By Md. Abdur Rouf Mia (Bangladesh)
The article on ‘Rethinking Growth Policies in the Developing World’ by ‘Dani Rodrik’ basically criticized the policy agenda suggested by the ‘Washington Consensus’ as it failed to produce conceived economic growths in many developing countries (e.g., many African and Latin American Countries), which followed ten principles in the original ‘Washington Consensus’. Rather, he pointed out that the countries (e.g., China, India, and Vietnam) that followed heterodox policies have achieved significant economic growths in last two or three decades. In this context, in order to provide effective guidance to the developing countries for achieving economic growth, this paper evaluates the strengths and shortcomings of two potential approaches: (1) an extension of the Washington Consensus adding ten more principles, and (2) a diagnostic approach to growth strategies.
The Augmented Washington Consensus, in fact, adds several policy agenda (e.g., flexible labor markets, anti-corruption) to remedy the weaknesses in the implementation of the original ten principles (e.g., openness, fiscal discipline, and privatization) of the ‘Washington Consensus’. However, again Rodrik has suspected the efficacy of the long-listed reform agenda due to several issues.

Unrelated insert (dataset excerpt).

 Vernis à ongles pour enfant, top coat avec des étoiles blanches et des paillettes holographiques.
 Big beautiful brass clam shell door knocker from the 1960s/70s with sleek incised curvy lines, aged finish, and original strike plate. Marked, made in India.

Firstly, the reform agenda does not provide any priority, and they are being suggested without much consideration of their adaptability to the local conditions. Moreover, efforts on many diverse issues may not attain the ultimate goal. On the other hand, implementing ‘the best as you can’ suggested by the proponents of the ‘Washington Consensus’ would induce opportunistic strategy, which may end up with unexpected results (e.g., low returns). Secondly, there is a possibility to augment the reform agenda in future in the case of failure by putting responsibility on the adopters’ shoulder for not conforming many of the long-listed principles.
Therefore, Rodrik suggests that instead of focusing on many reform agenda, it is rather important to recognize the most important bottleneck in the economy at any point of time, and put efforts on removing this constraint. He argues that this diagnostic approach is simple, operational, and economical. In the following sections, I intend to examine the applicability of the arguments of this paper in my country, Bangladesh.

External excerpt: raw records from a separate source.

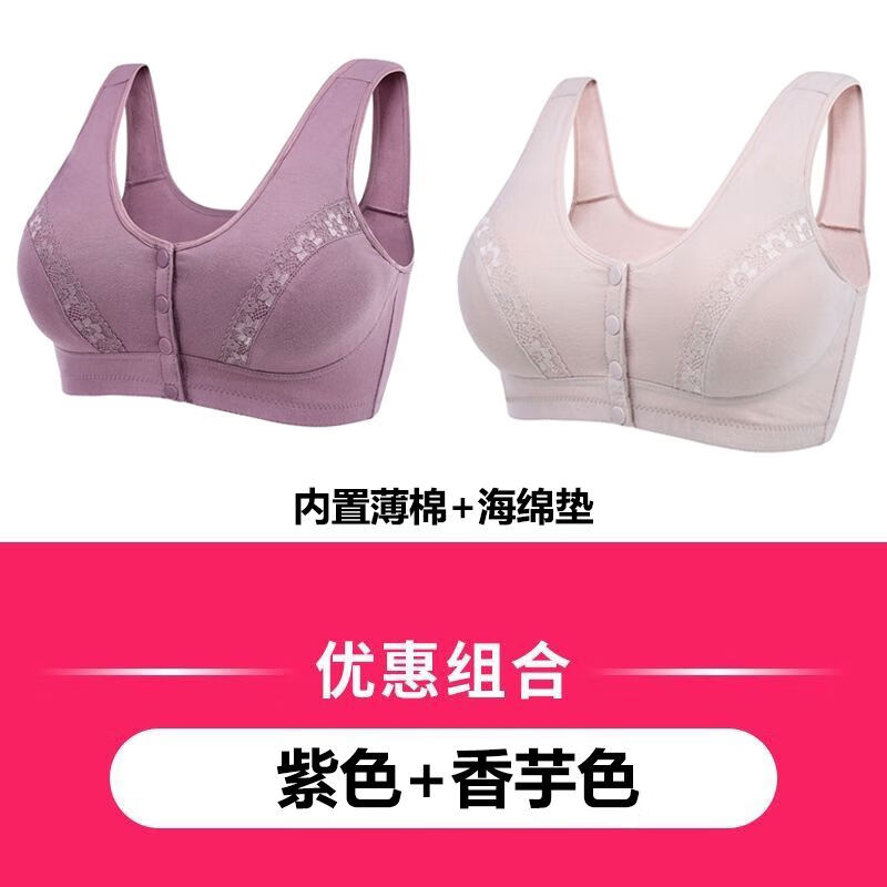 AILUKI无钢圈中老年妈妈文胸纯棉前开扣运动背心式内衣女收副乳中厚胸罩 紫色+香芋色【内置薄棉+海绵垫】 36码【建议70-85斤】
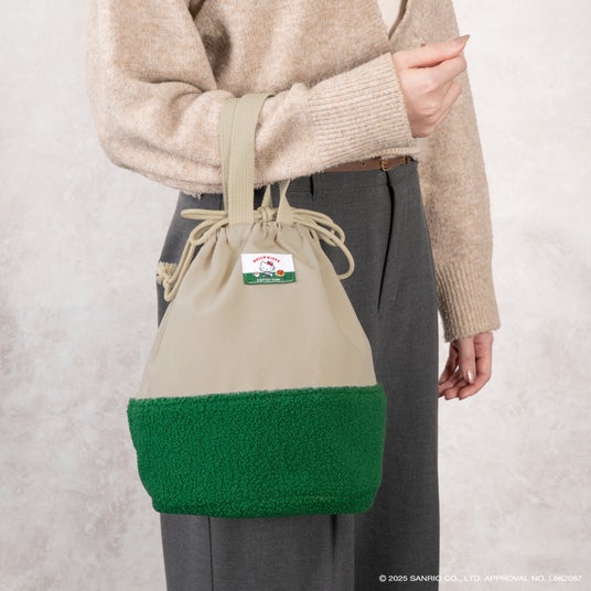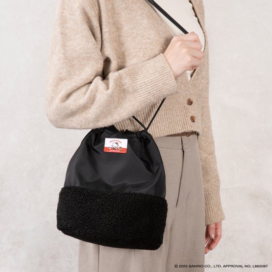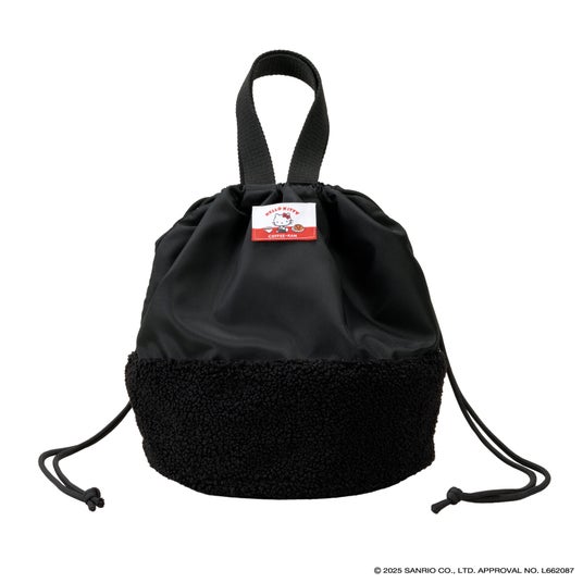 ・ハローキティのタグが映える、異素材ミックスのボア巾着バッグ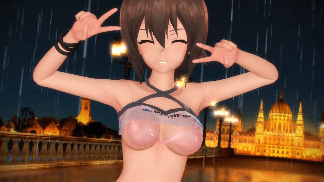 雨の中踊っていますね。どんどん衣装が薄くなってます…。よく見ると透けているような。チラリズム、下着、マイクロビキニとえっちな衣装が盛りだくさん。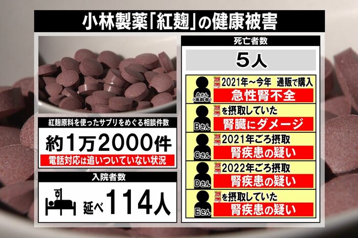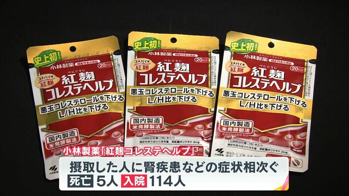 これまで小林製薬の「紅麹コレステヘルプ」を摂取した人に腎疾患などの症状が相次ぎ、5人が死亡。114人が入院した問題。

Although the paper rightly pointed out the weaknesses of the ‘Washington Consensus’, promoting trade liberalization (a principle of the consensus) appears to bring about positive outcome in Bangladesh. In fact, several papers (CPD, 2004; Gisselquist and Grether, 2000; Osmani, 2005) argue that trade liberalization has positive outcomes in Bangladesh. CPD (2004) indicates that the large-scale liberalization of market and trade by increasing the easy availability of modern agricultural inputs have expanded the rural nonfarm sectors. In the same context, Gisselquist and Grether (2000) show that farmers in Bangladesh were benefited from increased availability of farm inputs through the process of liberalization. In an extensive study, Osmani (2005) argues that embracing globalization has stimulated aggregate demand from three sources: increased crop production, remittance, and growths in ready-made garments sector in Bangladesh, which eventually helped the poor to escape or come out of the poverty. In this context, the World Bank (2002) and several other studies (e.g., Nargis and Hossain, 2006) confirm noteworthy achievements in poverty reduction in both rural and urban areas in Bangladesh in the last two decades.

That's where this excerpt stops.